### What to work on
Please take the lines from the one holding "Emplacements proposés :Mot(s)" through the one holding "Um ein breites" in the data below and copy them exactly.

### Input material

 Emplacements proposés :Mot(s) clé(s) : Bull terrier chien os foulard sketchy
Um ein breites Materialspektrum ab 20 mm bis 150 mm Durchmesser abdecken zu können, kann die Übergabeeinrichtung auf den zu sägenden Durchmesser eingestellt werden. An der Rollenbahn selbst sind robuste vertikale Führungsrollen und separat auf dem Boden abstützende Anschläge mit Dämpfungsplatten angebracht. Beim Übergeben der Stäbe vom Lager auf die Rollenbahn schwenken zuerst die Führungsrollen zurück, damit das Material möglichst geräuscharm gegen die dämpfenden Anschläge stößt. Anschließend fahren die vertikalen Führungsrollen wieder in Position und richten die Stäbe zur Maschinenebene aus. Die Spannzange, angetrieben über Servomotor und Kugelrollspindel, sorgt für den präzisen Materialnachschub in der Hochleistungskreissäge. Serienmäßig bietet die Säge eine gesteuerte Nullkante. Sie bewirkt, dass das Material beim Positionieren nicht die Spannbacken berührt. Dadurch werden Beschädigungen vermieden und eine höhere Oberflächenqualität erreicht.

...

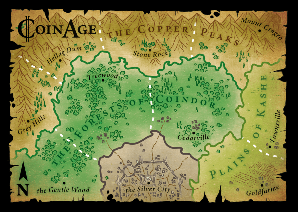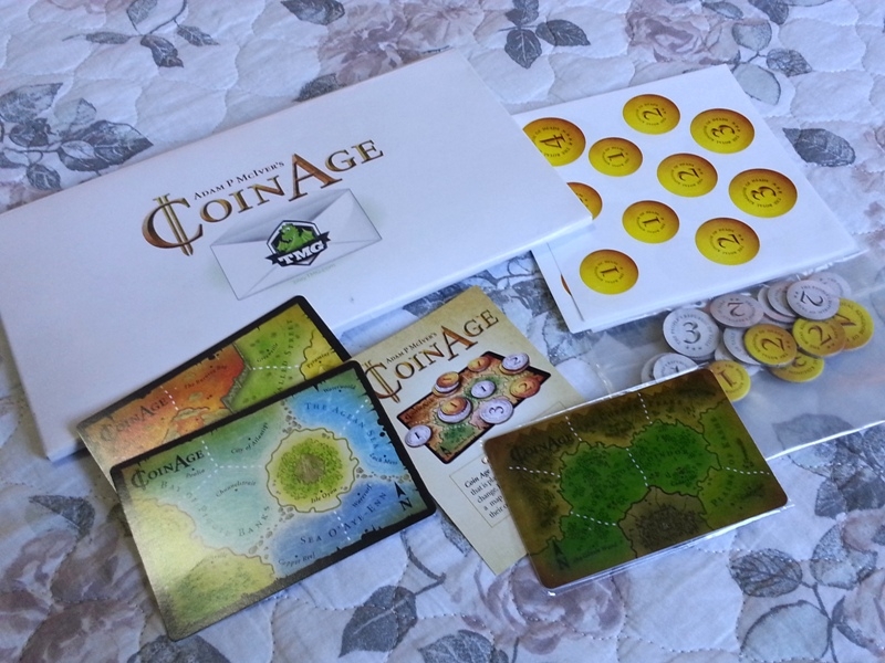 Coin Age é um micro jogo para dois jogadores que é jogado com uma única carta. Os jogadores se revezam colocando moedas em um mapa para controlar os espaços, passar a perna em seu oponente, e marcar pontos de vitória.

### Final answer
 Emplacements proposés :Mot(s) clé(s) : Bull terrier chien os foulard sketchy
Um ein breites Materialspektrum ab 20 mm bis 150 mm Durchmesser abdecken zu können, kann die Übergabeeinrichtung auf den zu sägenden Durchmesser eingestellt werden. An der Rollenbahn selbst sind robuste vertikale Führungsrollen und separat auf dem Boden abstützende Anschläge mit Dämpfungsplatten angebracht. Beim Übergeben der Stäbe vom Lager auf die Rollenbahn schwenken zuerst die Führungsrollen zurück, damit das Material möglichst geräuscharm gegen die dämpfenden Anschläge stößt. Anschließend fahren die vertikalen Führungsrollen wieder in Position und richten die Stäbe zur Maschinenebene aus. Die Spannzange, angetrieben über Servomotor und Kugelrollspindel, sorgt für den präzisen Materialnachschub in der Hochleistungskreissäge. Serienmäßig bietet die Säge eine gesteuerte Nullkante. Sie bewirkt, dass das Material beim Positionieren nicht die Spannbacken berührt. Dadurch werden Beschädigungen vermieden und eine höhere Oberflächenqualität erreicht.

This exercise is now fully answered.